12. The method of claim 8, wherein said PD-1 inhibitor is an anti-PD-1 antibody.

13. The method of claim 12 wherein said anti-PD-1 antibody is selected from the group consisting of Nivolumab, Pembrolizumab, and Pidilizumab.

14. The method of claim 8, wherein said CTLA-4 inhibitor is an anti-CTLA-4 antibody.

15. The method of claim 14, wherein said anti-CTLA-4 antibody is selected from the group consisting of Ipilimumab, Tremelimumab, AGEN1884, and AGEN2041.

16. The method according to any one of paragraphs. 1-7, wherein said one or more immune checkpoint inhibitors are a cytotoxic T-lymphocyte associated protein 4 (CTLA-4) inhibitor and a programmed cell death protein-1 (PD-1) inhibitor.
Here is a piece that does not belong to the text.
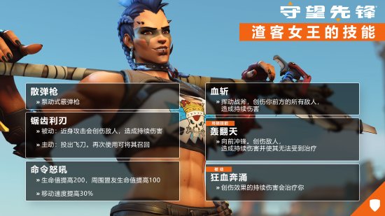 “狂血奔涌”和散弹枪能够在她直冲敌人的同时提供必要的生存能力,帮助她为队友争取空间,从而成为一名出色的重装英雄。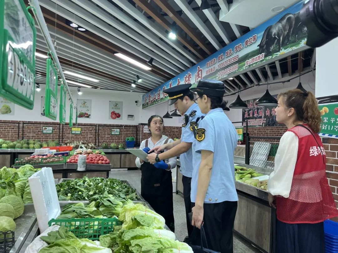 “请出示一下这批蔬菜的进货凭证和检测报告。”在团结路农贸市场的一家蔬菜摊位前,执法人员认真核对商家的进货台账和食品检测报告,确保蔬菜来源可追溯,质量有保障。同时,对计量器具、明码标价等进行检查。

17. The method of claim 16 wherein said PD-1 inhibitor is an anti-PD-1 antibody and said CTLA-4 inhibitor is an anti-CTLA-4 antibody.

18. The method of claim 17 wherein said anti-PD-1 inhibitor is selected from the group consisting of Nivolumab, Pembrolizumab and Pidilizumab and said CTLA-4 inhibitor is selected from the group consisting of Ipilimumab, Tremelimumab, AGEN1884 and AGEN2041.

19. The method according to any one of paragraphs. 1-15, wherein said cancer is a solid cancer.

20. The method of claim 19 wherein said cancer is colon cancer.

21. The method of claim 19 wherein said cancer is pancreatic cancer.